Освоение — процесс творческий. Он не должен, не смеет стать механическим. Вспоминается мне первое наше знакомство с Лениным, задолго до сложившихся форм партучебы. То были годы выхода первого издания его сочинений, в еще очень бедных, светло-палевых, гнущихся под руками обложках. Помню, когда раскрылись передо мною эти тома, я испытала не то страх, не то разочарование: все в них мне показалось движущимся, возражающим, отвечающим на возражения — сплошь полемическим, и только полемическим, и, честно говоря, я не знала, как это все уляжется в моей голове, да и как за это попросту взяться. Закончив в дореволюционное время историко-философский факультет, где главными моими учителями были идеалист Челпанов и юмист Н. Д. Виноградов, я привыкла видеть истины неподвижными, как звезды в ночном небе, все равно, даются ли они абсолютными у идеалиста или предметом для сомнения у скептика. Но тут «небо в звездах» закружилось над моей головой, мысли в ней сталкивались, как отраженные от удара мечом, рождались от других таких ударов, и было неизвестно, существуют ли они сами по себе, вне ударов и без ударов о чужие мысли, есть ли вообще абсолютные утверждения в сплошной полемике, как их искать, где их искать, что это за метод — полемически раскрывать перед человечеством новую систему?

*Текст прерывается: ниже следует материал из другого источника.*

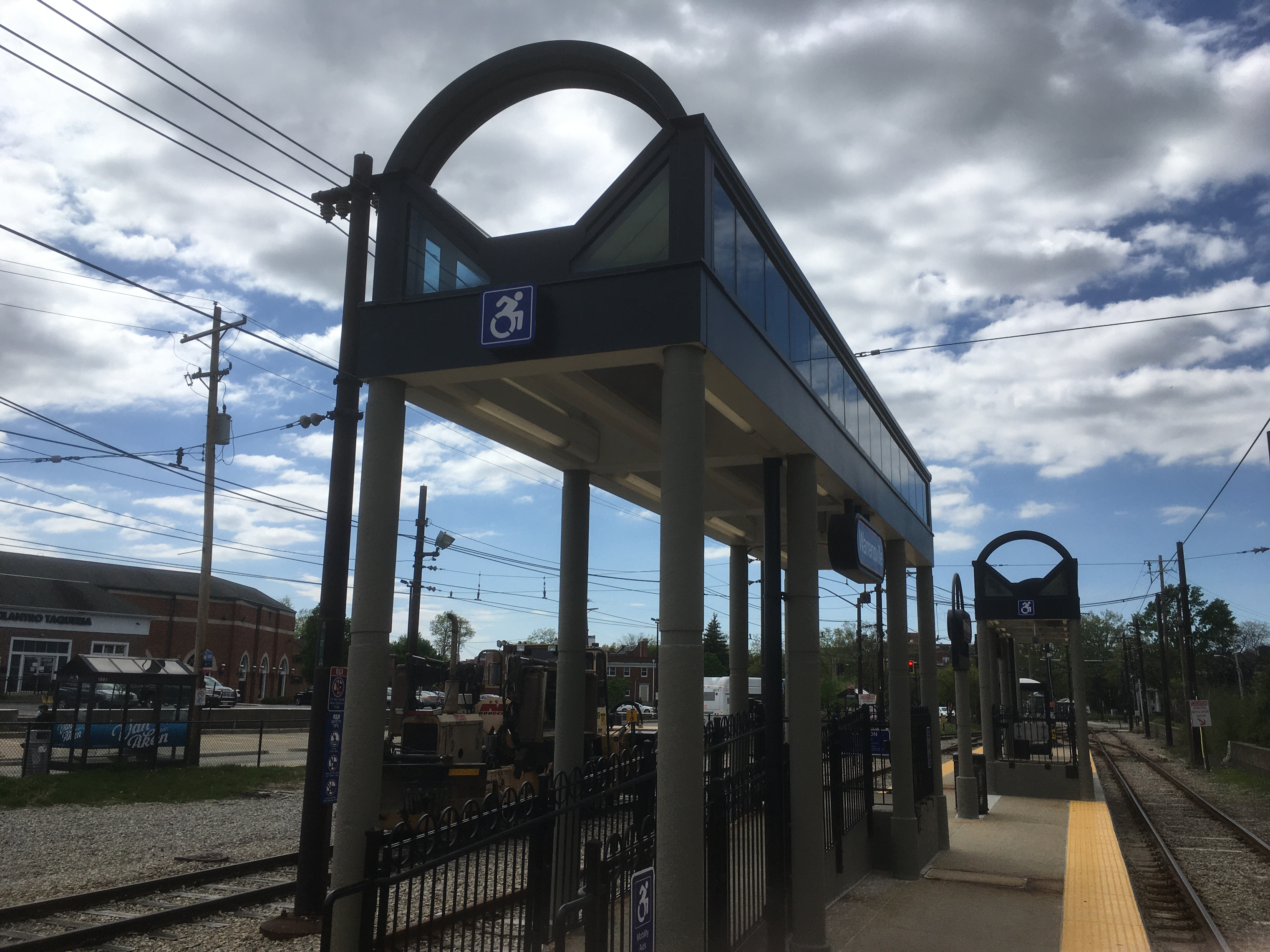 Warrensville-Van Aken 2020 ramp

И вот, очутившись впервые перед полемической манерой Ленина, я решила — с нахальством новичка — «оправдать» ее перед собой, ища какое-нибудь сравнение с прошлым, с классической философией. Мне уже было известно (и страшно нравилось!), что Ленин любил классическую латынь (мне тоже пришлось в свое время «сдавать» латынь и греческий), а кто-то из писателей, кажется, Сергей Третьяков, нашел даже в прозе Ленина сходство с латинским синтаксисом. И тут вдруг «звезды в небе» перестали надо мной кружиться и остановились. Я вспомнила Платона. А Федр, а Феэтет, а Симпозион, а Федон, а Тимей Платона, из которых человечество извлекло позднее стабильные истины, — разве они не были диалогами, ударами меча о меч, вопросами и ответами? А любимые мною «Беседы о торговле зерном» аббата Галиани, — разве не были они на границе диалектического материализма своими полемическими зигзагами вопросов и ответов? Разве в поэзии не выросла трагически из полемики человека с дьяволом, Мефистофеля с Вечно-Женственным, бессмертная вершина человеческой мысли — «Фауст» Гёте? Тот самый «Фауст» Гёте, томик которого, единственный из художественной литературы, кроме еще стихов Некрасова, взят был Ильичем в далекий путь своей первой долгой эмиграции? И вообще разве полемика — не главный метод для оттачивания своей истины, своей философской позиции с древнейших времен? Так, подкрепив себя Платоном, Галиани и вечной своей любовью к Гёте, я стала вчитываться в первое издание Ленина, со страницы на страницу, подбирая искорки от ударов его меча, выписывая их для памяти. И только многие годы спустя научилась понимать звезды-искорки в их глубокой связи с целым — со всем, что писал Ильич.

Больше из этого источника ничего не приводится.